◆ **Records for this exercise**:

BEGIN

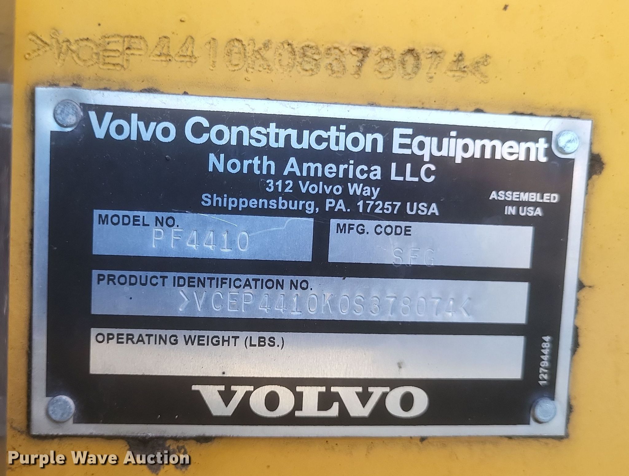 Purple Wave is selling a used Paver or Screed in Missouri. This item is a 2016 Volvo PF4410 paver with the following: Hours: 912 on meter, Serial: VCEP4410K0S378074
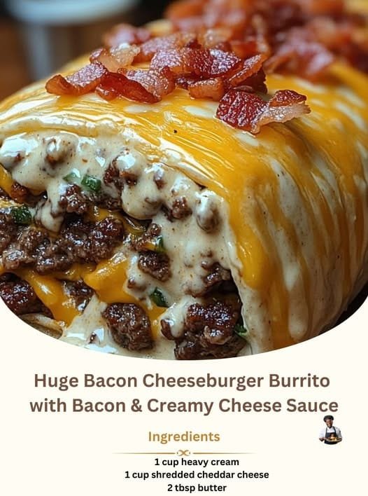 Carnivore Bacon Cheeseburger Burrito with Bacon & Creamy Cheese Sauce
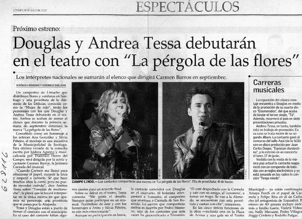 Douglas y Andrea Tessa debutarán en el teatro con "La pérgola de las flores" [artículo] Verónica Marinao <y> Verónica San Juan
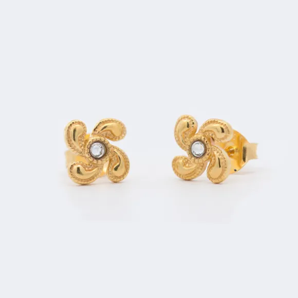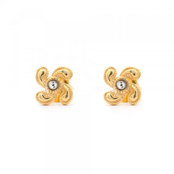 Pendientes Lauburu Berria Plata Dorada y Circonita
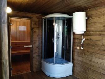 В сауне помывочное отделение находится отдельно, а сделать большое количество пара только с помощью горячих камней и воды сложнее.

END
BEGIN

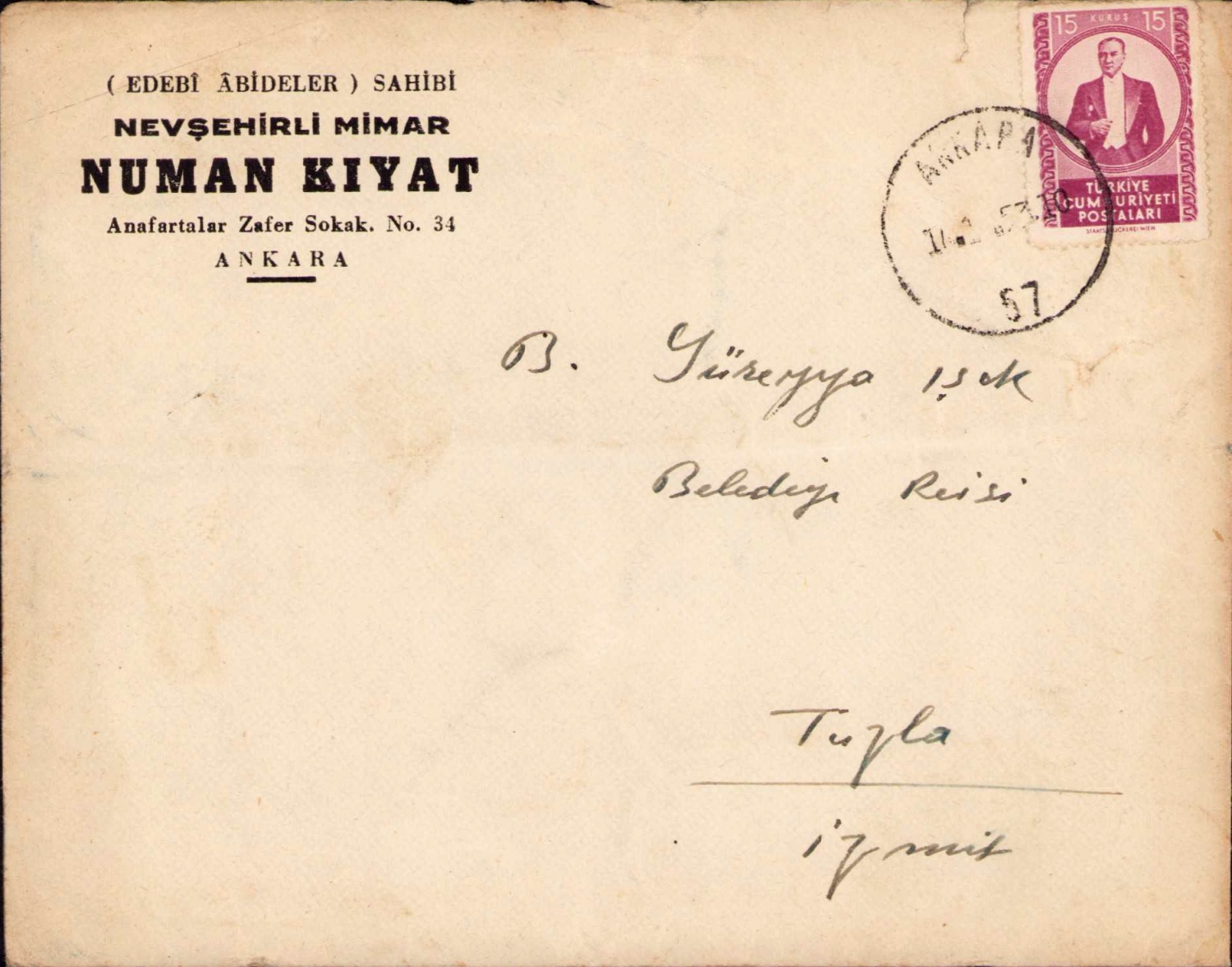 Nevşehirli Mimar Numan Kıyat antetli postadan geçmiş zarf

END

◆ **Description of the task**: Reproduce exactly the lines above that run from the one with "Purple Wave is" to the one with "В сауне помывочное", both included, leaving pictures out.

◆ **The completed task**:
 Purple Wave is selling a used Paver or Screed in Missouri. This item is a 2016 Volvo PF4410 paver with the following: Hours: 912 on meter, Serial: VCEP4410K0S378074
 Carnivore Bacon Cheeseburger Burrito with Bacon & Creamy Cheese Sauce
 Douglas y Andrea Tessa debutarán en el teatro con "La pérgola de las flores" [artículo] Verónica Marinao <y> Verónica San Juan
 Pendientes Lauburu Berria Plata Dorada y Circonita
 В сауне помывочное отделение находится отдельно, а сделать большое количество пара только с помощью горячих камней и воды сложнее.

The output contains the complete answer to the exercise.